----- SOURCE MATERIAL -----

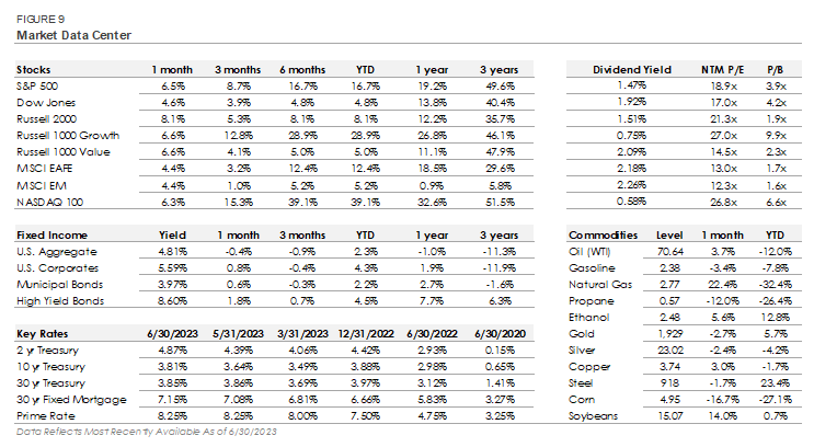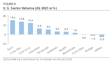 Equity markets are off to a strong start this year. After a steep sell-off in the first half of 2022, the S&P 500 returned +16.7% in the first half of 2023. The year-to-date gain ranks as the fifth strongest first half return since 1989. The biggest Technology stocks performed even better, with the Nasdaq 100 returning +15.3% in Q2 after its +20.7% Q1 return. The Nasdaq 100’s +39.1% return is the strongest first half year return since 1989, ranking ahead of both 1998 and 1999 during the dot-com bubble. Small cap stocks also participated in the rally, returning +8.1% through the end of June. The year-to-date equity market gains have lifted portfolios after a difficult 2022.
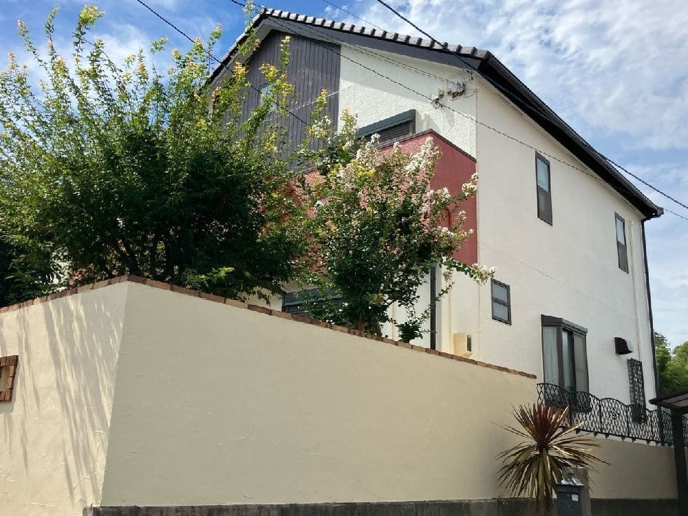 津市の築20年の住宅にて、シリコン塗料を使用した外壁塗装を行いました。外壁全体を明るいホワイトリリーで仕上げ、縦ラインにパイオニアを配色することで立体感とモダンな雰囲気を演出。さらにベランダ部分にはシナモンを取り入れ、アクセント効果で個性的かつ上品なデザインとなりました。池田建設様の建物の魅力を最大限に活かしながら、耐候性に優れた塗料で美観と保護の両立を実現しています。長く安心して暮らしていただける仕上がりとなり、お客様にも大変ご満足いただけました。
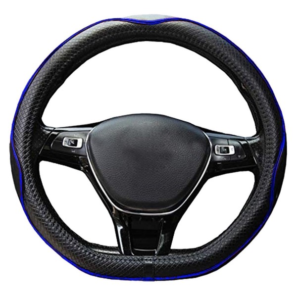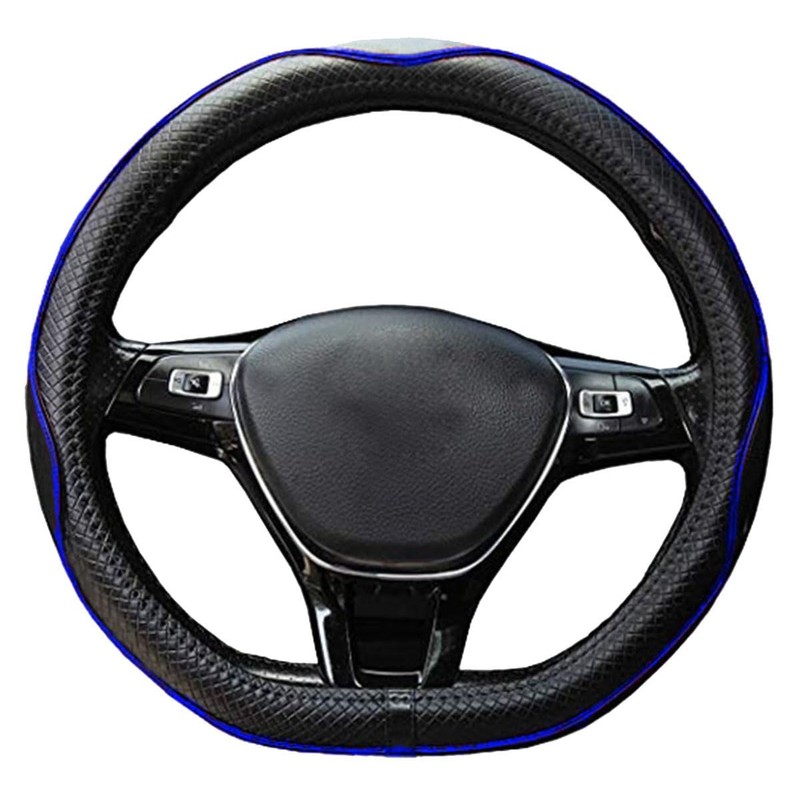 Mayco Bell - Funda de cuero de microfibra para volante de coche (forma de D, negro y azul oscuro)
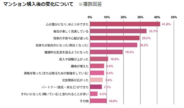 此外,已經購買了公寓的單身女性們的心境也會隨之變得更積極,感覺生活寬裕了,結婚的比例也增加了,升職和漲薪幅度也增加較大。
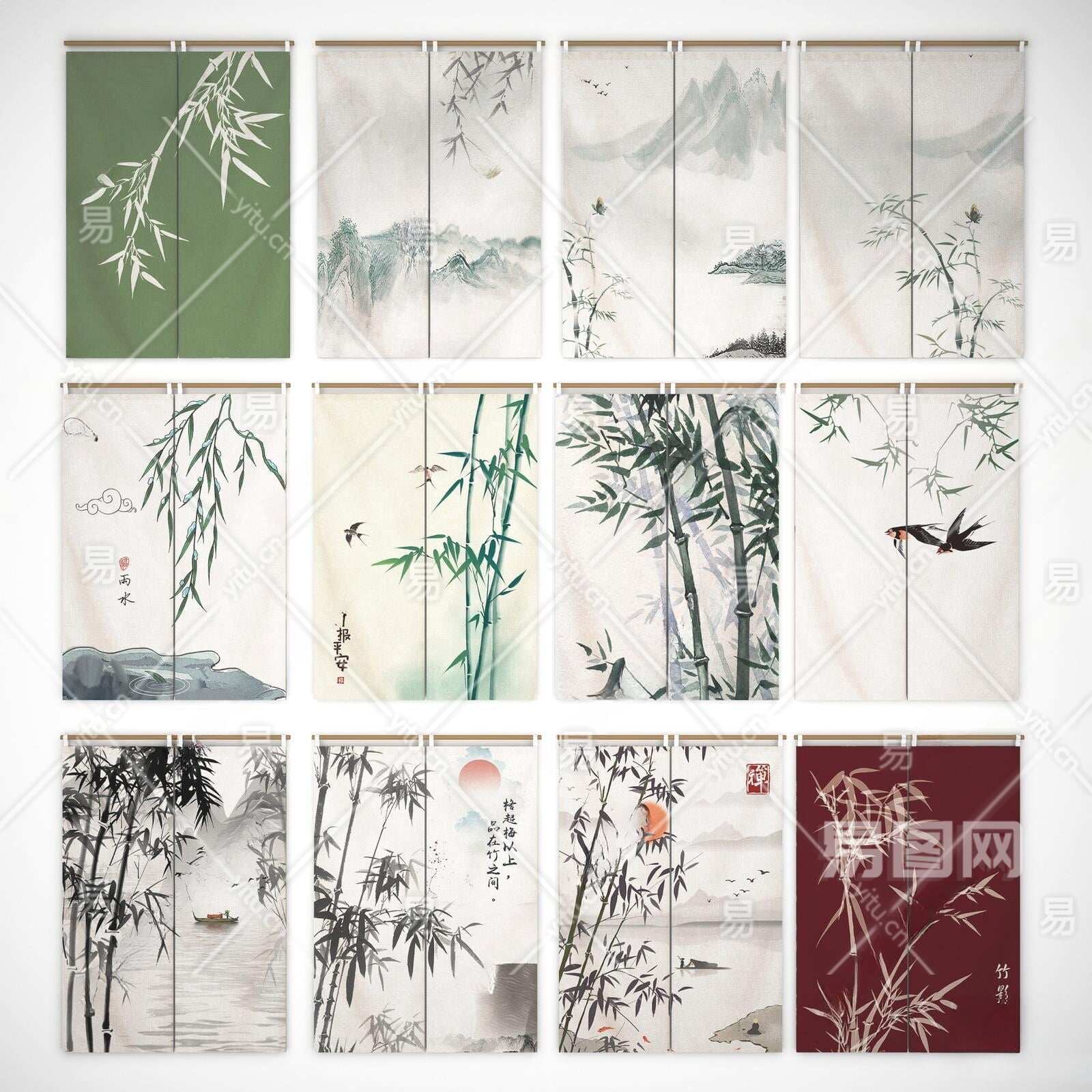 新中式门帘3D模型下载
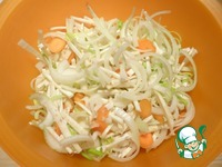Все овощи перекладываю в миску, солю, перемешиваю. |
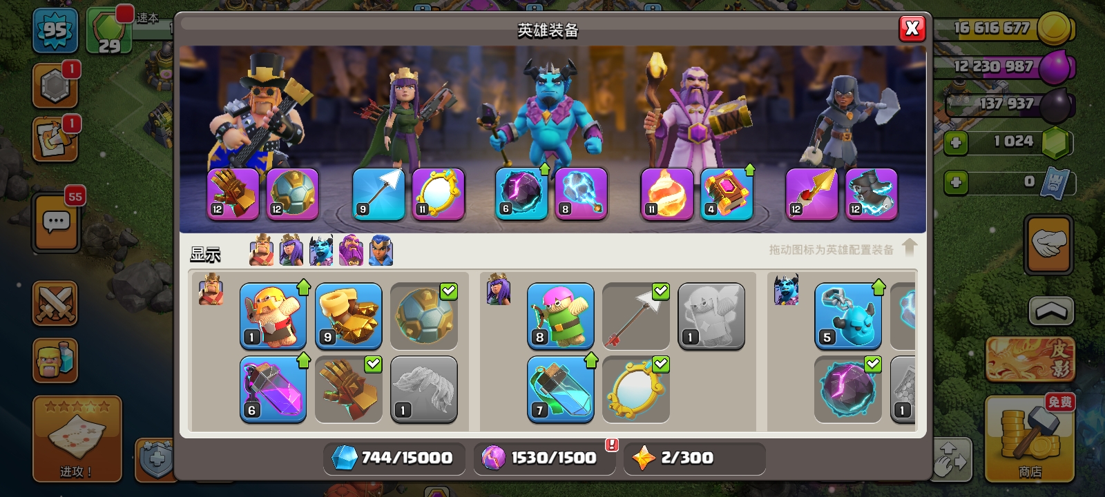 等级187/7王皮/8场景/6农/英雄等级57-80-45-58/像素蛮王

-----

Using the entries above, transcribe exactly from the line that has "津市の築20年の住宅にて、シ" through the line that has "Mayco Bell - Funda". Pictures are dropped.

 津市の築20年の住宅にて、シリコン塗料を使用した外壁塗装を行いました。外壁全体を明るいホワイトリリーで仕上げ、縦ラインにパイオニアを配色することで立体感とモダンな雰囲気を演出。さらにベランダ部分にはシナモンを取り入れ、アクセント効果で個性的かつ上品なデザインとなりました。池田建設様の建物の魅力を最大限に活かしながら、耐候性に優れた塗料で美観と保護の両立を実現しています。長く安心して暮らしていただける仕上がりとなり、お客様にも大変ご満足いただけました。
 Mayco Bell - Funda de cuero de microfibra para volante de coche (forma de D, negro y azul oscuro)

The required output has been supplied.